How to construct a nonholonomic tetrad basis Suppose I have some body with spacetime position $x^{\mu}$ and 4-velocity $u^{\mu}$. The position is defined with respect to some coordinate (holonomic) basis.
How would I construct the position defined w.r.t to some non-holonomic tetrad basis, $x^{\hat{\mu}}$?
Thanks
 A: The relation between any two basis on a manifold is always a transformation matrix. If the two basis are holonomic (coordinate basis) this transformation matrix is actually the Jacobian matrix between the two coordinate systems. Otherwise the matrix is a generic non singular matrix ${L^\alpha}_{\hat{\beta}}$.

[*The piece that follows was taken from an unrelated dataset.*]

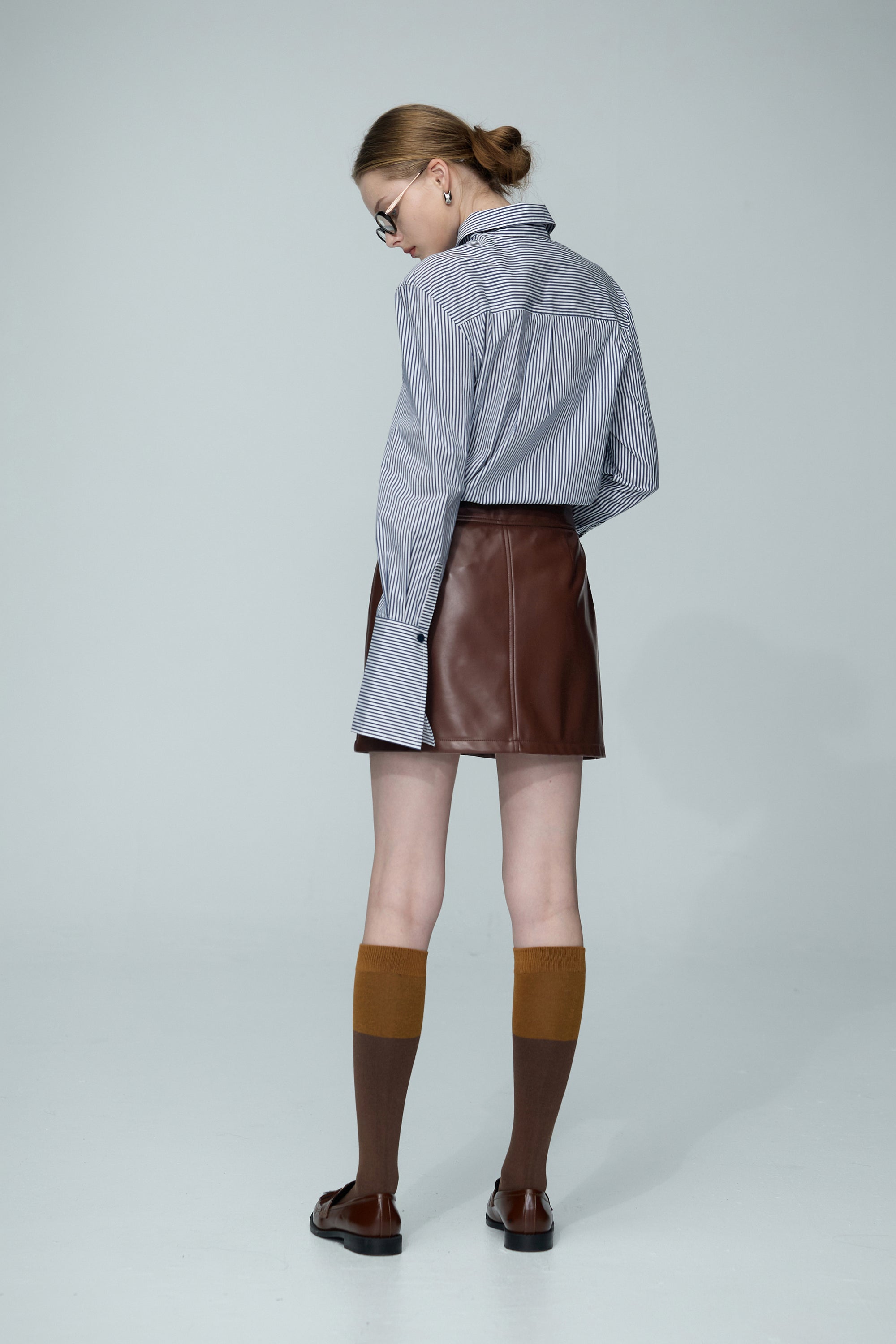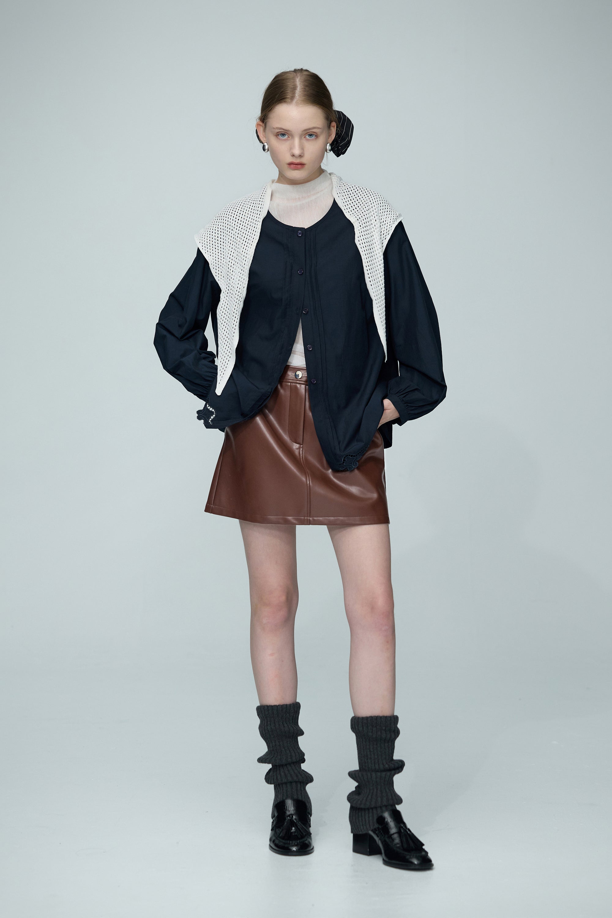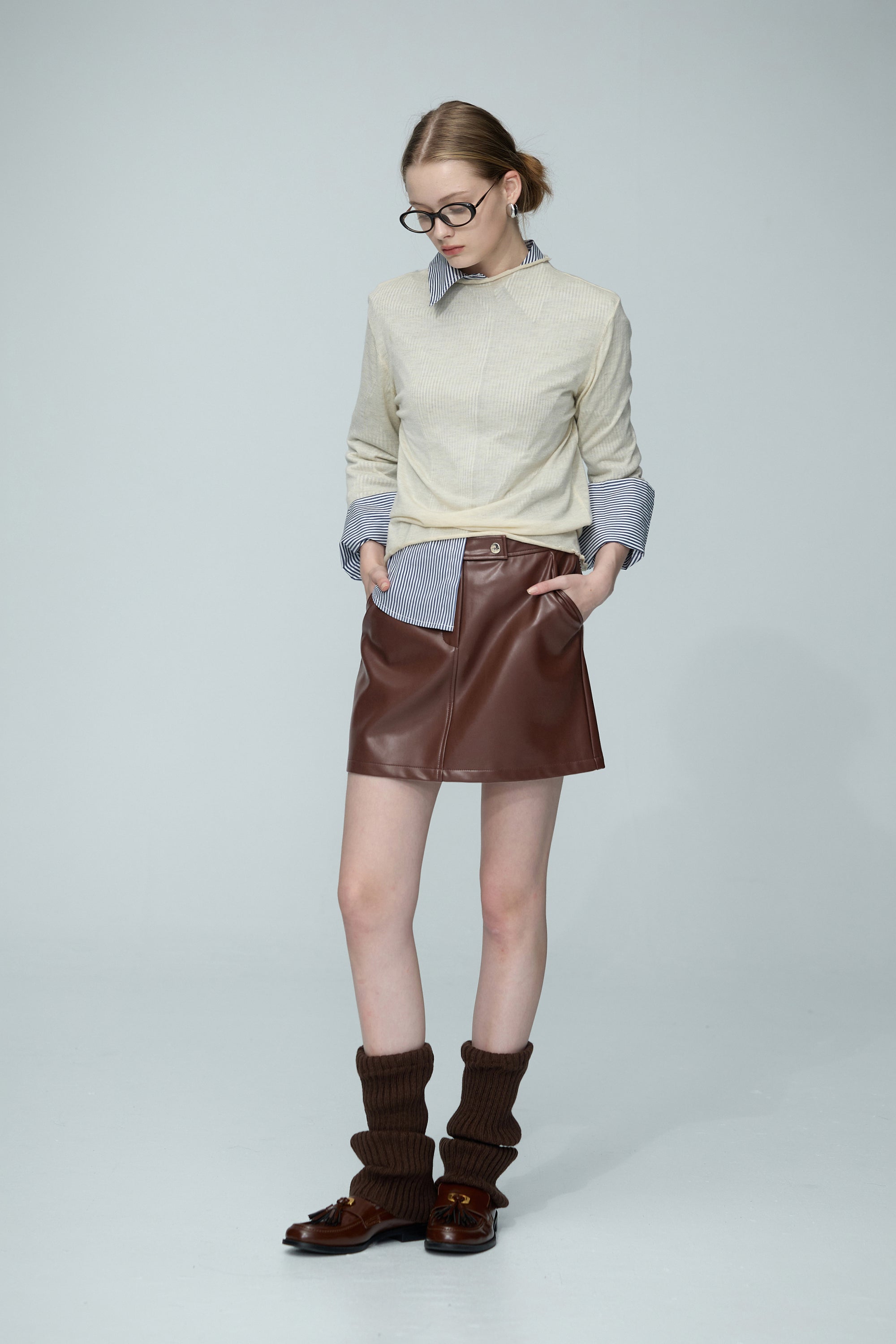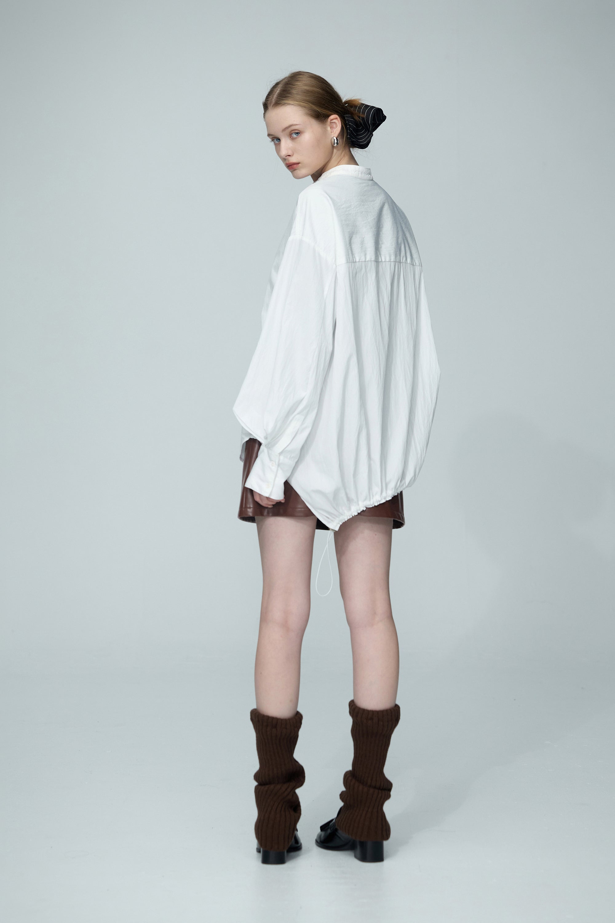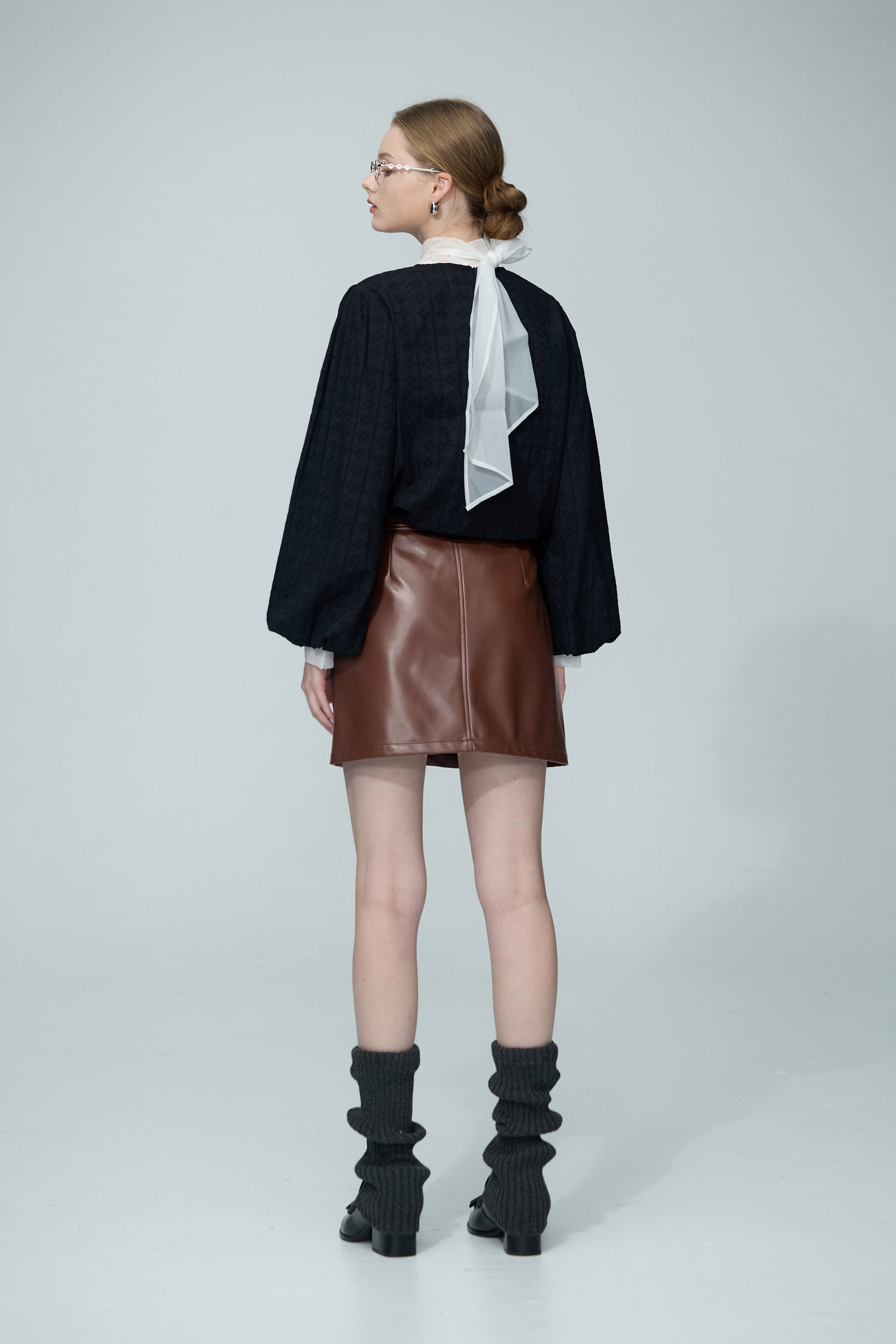 圓領條紋彈性褶皺收腰上衣(附項鍊)-黑

In simpler words: you express your anholomic basis $\mathbf{e}_{\hat{\beta}}$ vectors as a linear combination of the holonomic basis vectors $\mathbf{e}_{\alpha}$.
A simple example: suppose you use polar coordinates $(r,\theta)$ in $\mathbf{R}^2$. The basis vectors are $(\frac{\partial }{\partial r},\frac{\partial }{\partial \theta})$. Vector $\frac{\partial }{\partial \theta}$ does not have unit module though, so if you want to use an orthonormal basis you choose $(\frac{\partial }{\partial r},\frac{1}{r}\frac{\partial }{\partial \theta})$. This basis is anholomic and is expressed as a very simple linear combination of the coordinate basis vectors. ${L^\alpha}_{\hat{\beta}}$ in this case is simply \begin{pmatrix}
1 & 0\\ 
0 & \frac{1}{r}
\end{pmatrix}
In your question you ask how to express "position" in the anholomic basis. This is an ill-conceived question. "Position" is not a vector, it is a point on a manifold and is represented as a n-tuple in a coordinate system. Since it is not a vector, it is not expressible as a linear combination of basis vectors. 
The velocity vector $u^\alpha$ on the other hand, transforms as a covariant vector via the matrix   ${L^{\hat{\beta}}}_\alpha$ which is the inverse of the matrix used to transform the basis vectors.